*sits down for story time*
Wonderful. *lol* Maybe the story time should come some time after the full version has been out for a while. I'm really enjoy post-modern and deconstructionist approaches to understanding the creations of others, and adding the creators explanations doesn't ruin anything for me: it enhances my understand and gives me additional viewpoints from which to peer.
I don't think telling the full meaning of the story after the full version is necessarily a good idea, cause I think part of the power in this games story is that on the surface, it's a pretty simple story (the ending makes this really clear), and there's one level of symbols that directly related to the plot of the story, which are pretty easy to understand (the earth shrinking, for instance). But then there's the other meanings for the symbolism in the game, which is shrouded from the player unless they really feel like digging deep to find something, and what is found isn't necessarily the same thing that another person will find. In fact, I don't even think that I see the same thing in the story as Edmund does, just because we have different memories and pasts. That, and he didn't really tell me what he had planned for the deeper meanings until we had to come up with names for the planets (which was after I had them mostly programmed).

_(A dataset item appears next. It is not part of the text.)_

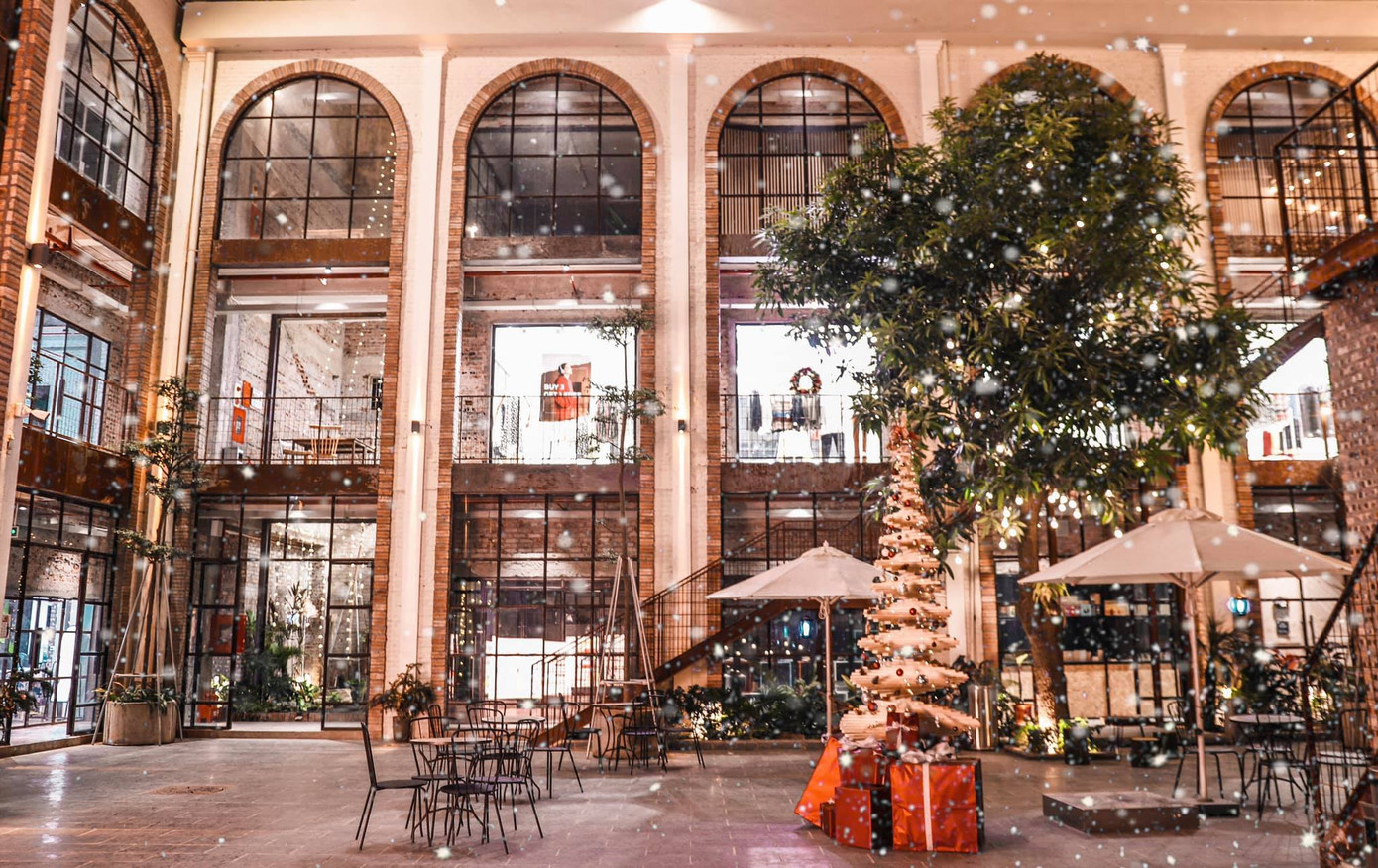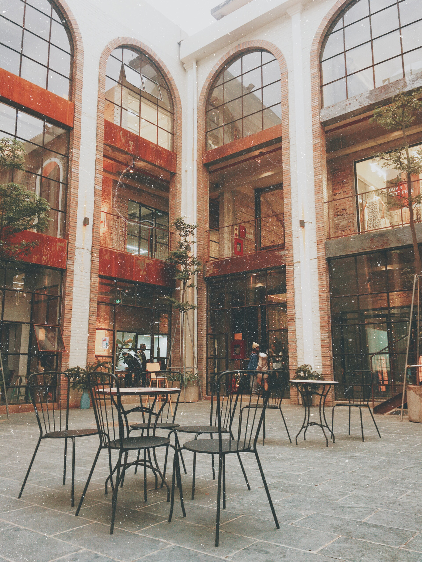 Khu tổ hợp được thiết kế, xây dựng lại dựa trên nền một nhà máy cũ nên vẫn còn vẹn nguyên những bức tường gạch đỏ, bậc thang kim loại có phần bụi bặm một nét cổ xưa.

Edmund made it really clear that this game is about childhood (he alludes that it's about his childhood in all the press releases). But like, it really could be about anyone's childhood, and what everything means to a specific person is really what he wants to interpret it as. Just because it deviates from what we had "planned" doesn't mean that that interpretation is necessarily wrong, just a different way of looking at things.
Anyway have you ever read a book, got really into it and loved the whole thing, then a movie of it comes out. The movie most likely presents the characters as different than you interpreted them as and imagined them to be. It's happened to me, it's happened to everyone. That's why movies are generally worse than their book forms (except for a few very rare cases). The books leave a lot to the imagination, so people generate their own mental picture of how things are supposed to be, and become disappointed when the director says "no your idea is wrong, this is what the main character is like..." It would be the same thing with this game if we revealed the true meanings of everything after the full game. People that cared would already have their own idea of what everything means, and it would be really weird to suddenly have your ideas changed when the actual symbolic layer is explained. It's like having an english teacher tell you what something means, when you think it actually means something else. Too bad, this is the real meaning.
I don't want people to feel that way. You got enough of that in high school english class. Just interpret it how you think, read what other people think, come to your own conclusion, and convince yourself that that is what we actually intended from the start. The story is much more powerful that way.